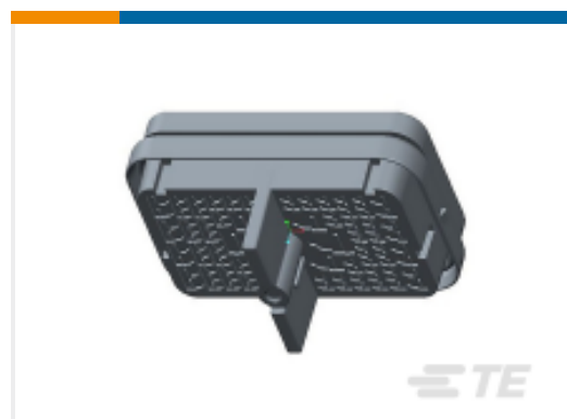
TE Part #DRB12-102PAE-L018 REC, 102P, BLK, E, CAP, A
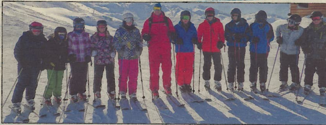
HITTING THE HEIGHTS: A holiday snap of the Grantown pupils in 'Les Menuires' in the French Alps.
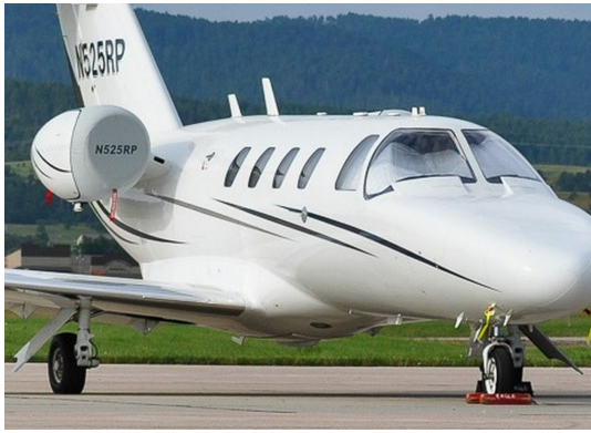
Cessna Citationjet CJ1 Bikini Type Engine Covers
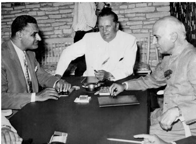
14. A meeting of Non-Aligned Movement leaders in 1956: Yugoslav leader Tito (centre) with Egyptian President Nasser (left) and Indian Prime Minister Nehru (right)

Power and bloc politics. While another Communist member of the NAM, Cuba, in practice often sided with the USSR, Communist Yugoslavia maintained an independent stance for most of the Cold War era.
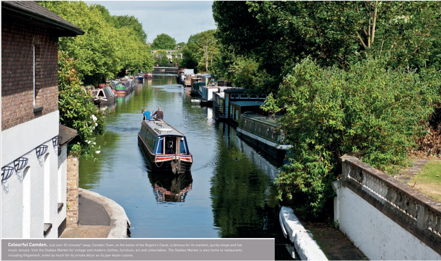
Colourful Camden. Just over 20 minutes* away, Camden Town, on the banks of the Regent's Canal, is famous for its markets, quirky shops and live music venues. Visit the Stables Market for vintage and modern clothes, furniture, art and collectables. The Stables Market is also home to restaurants including Gilgamesh, noted as much for its ornate décor as its pan-Asian cuisine.
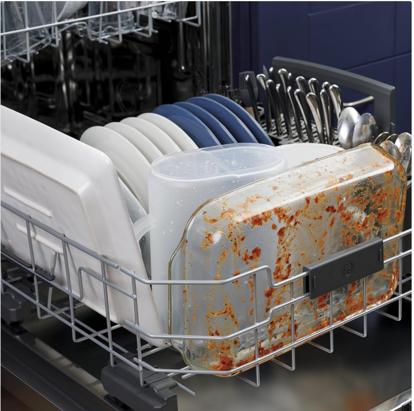
Figure 7: The lower rack loaded with heavily soiled dishes, illustrating the dishwasher's capacity for tough cleaning tasks.
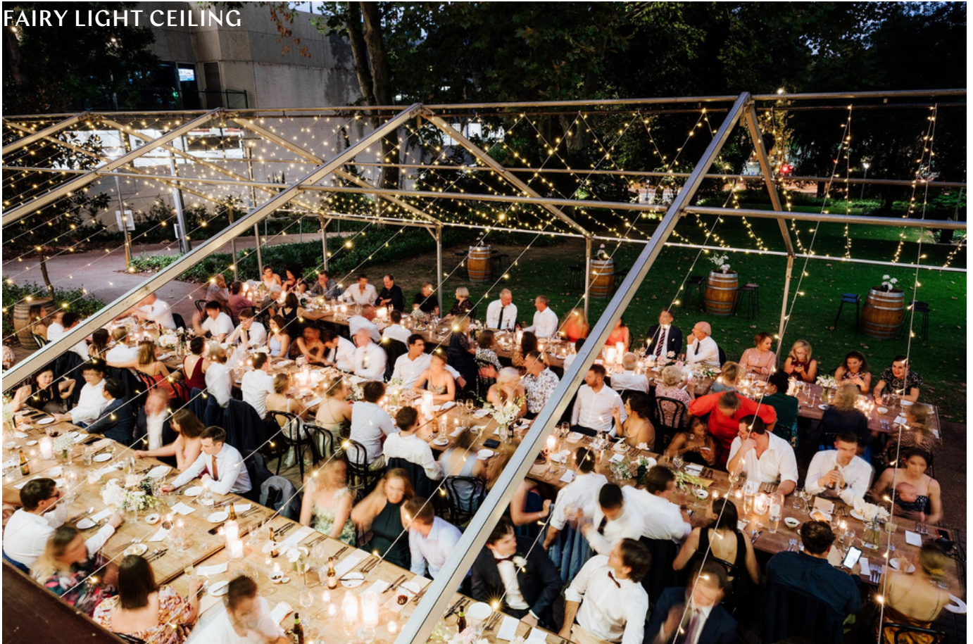
FAIRY LIGHT CEILING
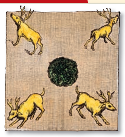
The totem, or tribal symbol, of the Iroquois
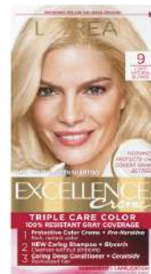
L'OREAL EXCELLANCE NATURAL COLORS
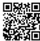
Video: click or scan to watch

On the other hand, when we place her in the bath, she smiles - which is lovely for her and us. This lady has been at Marbrook for nearly a year now and I believe being able to have frequent baths has been beneficial for her. Not only does she seem to enjoy them but having a bath benefits her muscles which are normally very tight. We have found the bath an ideal place to help her stretch out her arms and legs, and because she is relaxed and safely immersed in warm water, her muscles loosen up as a result.
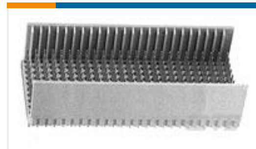
TE Part #5646347-1 2MM HM,ASY,T-E,HDR,08R,200,AP
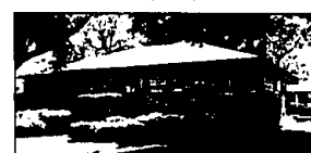
SPACIOUS GREAT BUY on quiet street in Huntington Woods! Over 1,600 sq. ft., 3 bedrooms, 2 1/2 baths, hardwood floors, huge full basement, 2 car garage, large yard. $168,000 (K131E) 647-6400
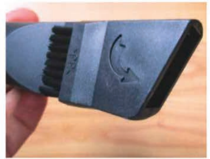
A crevice tool is supplied for small spaces

button to clear the HEPA filter surface. The generous 3m tube and 5m cable provide plenty of reach and the tapered, flexible dust spout adaptor attaches to the hose so that it can be fitted to ports on power tools for 'dust control' purposes.
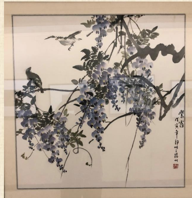
Guo Ming, Purple Fog , 1998
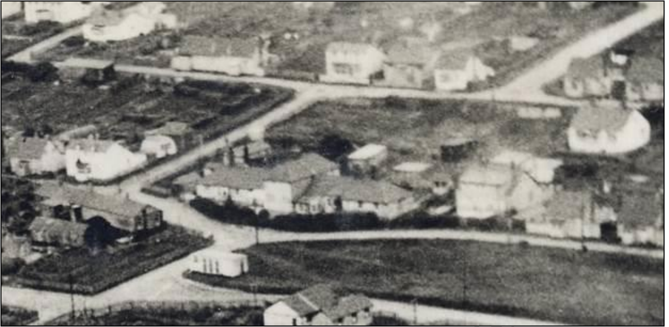
Late 1940s
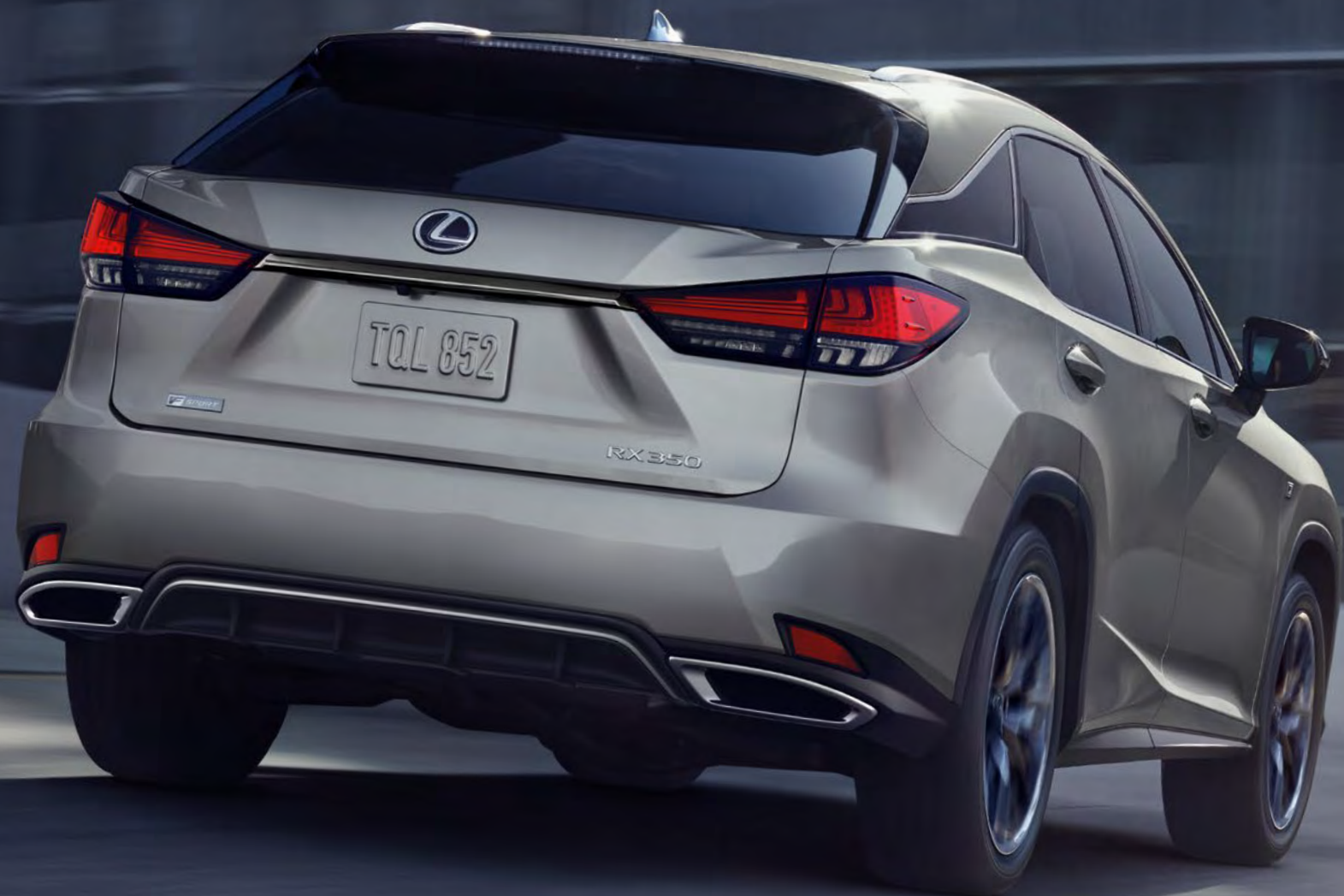
RX F SPORT shown in Atomic Silver
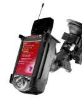
RAP-B-104-224-CO3P RAM RATCHET/PIVOT MOUNT FOR
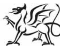
Llywodraeth Cynulliad Cymru Welsh Assembly Government
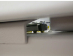
DSCN0995 is a picture of the upper right door switch S660
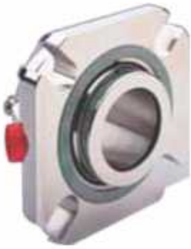
ISPL 2413 Multispring Cartridge Seal

ANFD AGITATOR SEAL WITH METAL BELLOW & THERMO SYPHONE SIZE: 110mm SHAFT
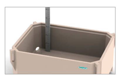
Low wall height ensures low pressure on products
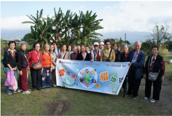
"Cherish our Planet" Project
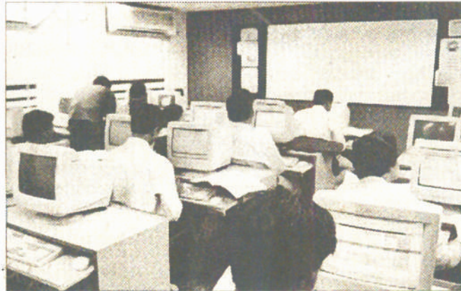
CHANGING TIMES: Companies like NIIT and Aptech are trying to re-jig their courses to beat recession blues

Companies like NIIT and Aptech are trying to re-jig their courses to beat recession blues. Short-term job-oriented training courses are the new mantra, a shift from the knowledge-based ones. "In the past two years, education programmes have moved from IT to global talent development and therefore we launched courses in train-
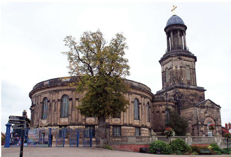
St. Chad's Church, Shrewsbury
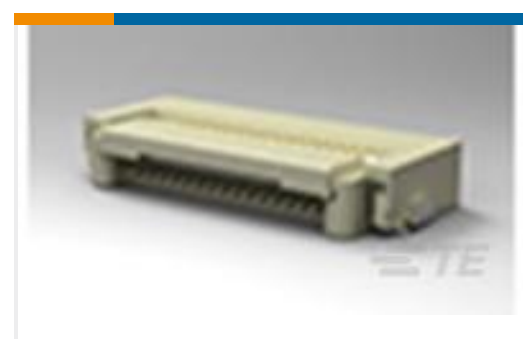
TE Part #5-1775333-0 ZIF FPC 0.5, 2H, 50P
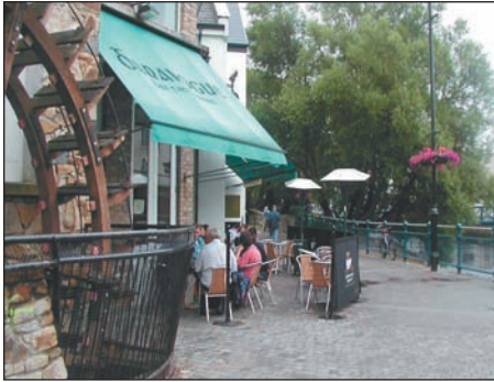
Cafe Culture, Sligo
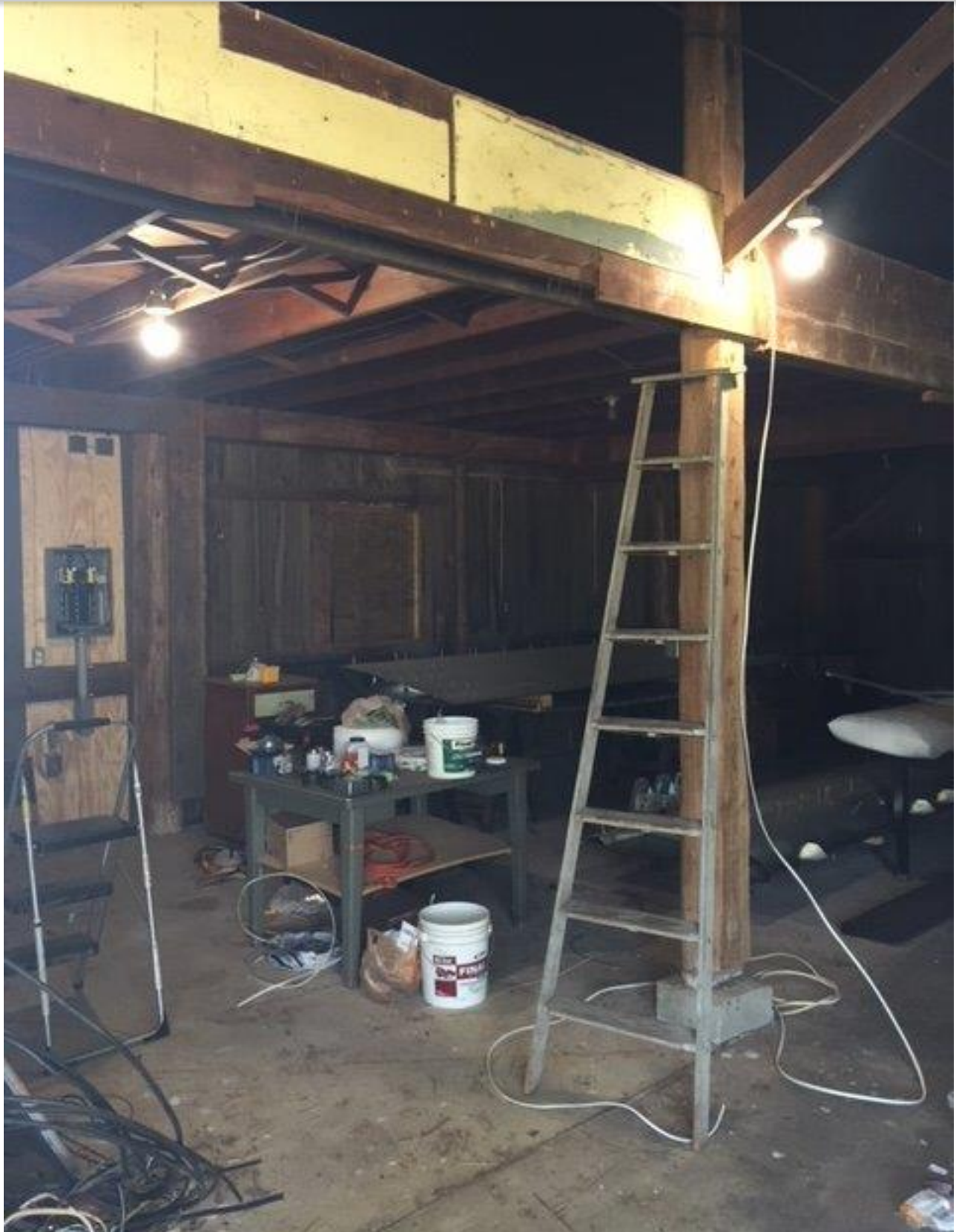
The beginning ...

YOUR TASK –
Look through the material for "Part". Copy each line that has it.

EXPECTED OUTPUT –
TE Part #DRB12-102PAE-L018 REC, 102P, BLK, E, CAP, A
TE Part #5646347-1 2MM HM,ASY,T-E,HDR,08R,200,AP
TE Part #5-1775333-0 ZIF FPC 0.5, 2H, 50P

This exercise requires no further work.